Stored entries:
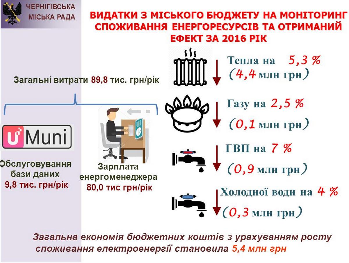 Також у ході семінару було відзначено, що у місті Чернігові запроваджено енергомоніторинг. Наприклад, у 2016 році завдяки цьому вдалося зекономити понад 5 млн грн. бюджетних коштів. Взяв приклад з Чернігова і Ніжин. На сьогодні у цьому місті енергомоніторинг впроваджено у більше 100 об’єктах, а це - понад 90% бюджетних установ міста.
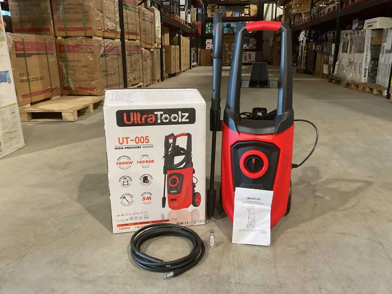 Voorzien van 1800W motor; 500 cm slang; foam spuit; ongebruikt in doos (transport afmetingen 40x40x55 cm) Merk: UltraToolz Type: UT-005 Bouwjaar: 2025 Max. druk: 140bar Kleur: Rood Gewicht: 10kg
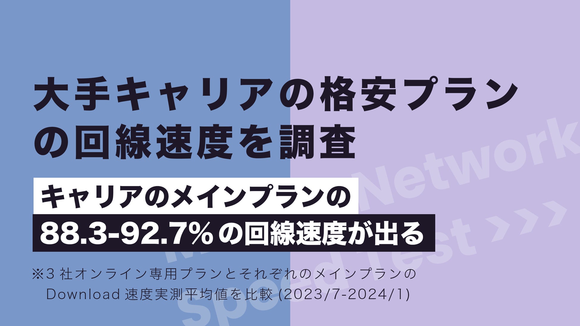 【3社のオンライン専用プランのDownload速度は約88.3%〜92.7%とメインプランに迫る速度】
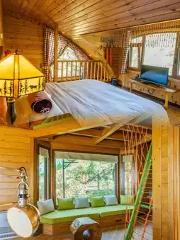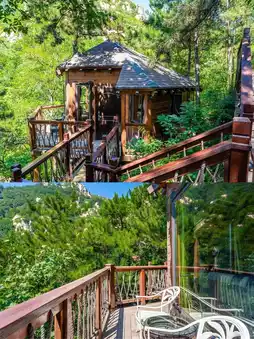 沿着蜿蜒的林间小径,您将发现各种形状和主题的树屋。“小红帽之家”隐匿于古老的枝桠间,俏皮的红色屋顶仿佛在低语着经典的童话故事;高耸入云的“睡美人城堡”以其尖顶和雕花栏杆散发着神秘的气息;而“精灵树屋”和“爱丽丝梦游仙境”等充满奇思妙想的树屋,仿佛是从童话书中走出来一般,充满了无限的想象力和浪漫情调。
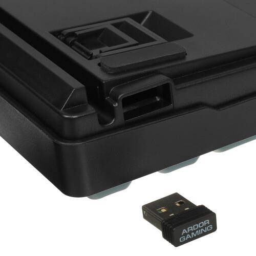 ARDOR GAMING Guardian с классическим дизайном оснащена отдельным цифровым блоком и рядом клавиш функций Fn. Аккумуляторная модель может работать по Bluetooth, радиоканалу или USB-подключению. При полном заряде вы можете отсоединять кабель и располагаться на любом расстоянии от монитора/телевизора. Клавиатура идет в комплекте с двойным пуллером, сменными свитчами и фирменной наклейкой.

Task description >> A verbatim transcription of the records, pictures excluded, is the required output.

Response >>
 Також у ході семінару було відзначено, що у місті Чернігові запроваджено енергомоніторинг. Наприклад, у 2016 році завдяки цьому вдалося зекономити понад 5 млн грн. бюджетних коштів. Взяв приклад з Чернігова і Ніжин. На сьогодні у цьому місті енергомоніторинг впроваджено у більше 100 об’єктах, а це - понад 90% бюджетних установ міста.
 Voorzien van 1800W motor; 500 cm slang; foam spuit; ongebruikt in doos (transport afmetingen 40x40x55 cm) Merk: UltraToolz Type: UT-005 Bouwjaar: 2025 Max. druk: 140bar Kleur: Rood Gewicht: 10kg
 【3社のオンライン専用プランのDownload速度は約88.3%〜92.7%とメインプランに迫る速度】
 沿着蜿蜒的林间小径,您将发现各种形状和主题的树屋。“小红帽之家”隐匿于古老的枝桠间,俏皮的红色屋顶仿佛在低语着经典的童话故事;高耸入云的“睡美人城堡”以其尖顶和雕花栏杆散发着神秘的气息;而“精灵树屋”和“爱丽丝梦游仙境”等充满奇思妙想的树屋,仿佛是从童话书中走出来一般,充满了无限的想象力和浪漫情调。
 ARDOR GAMING Guardian с классическим дизайном оснащена отдельным цифровым блоком и рядом клавиш функций Fn. Аккумуляторная модель может работать по Bluetooth, радиоканалу или USB-подключению. При полном заряде вы можете отсоединять кабель и располагаться на любом расстоянии от монитора/телевизора. Клавиатура идет в комплекте с двойным пуллером, сменными свитчами и фирменной наклейкой.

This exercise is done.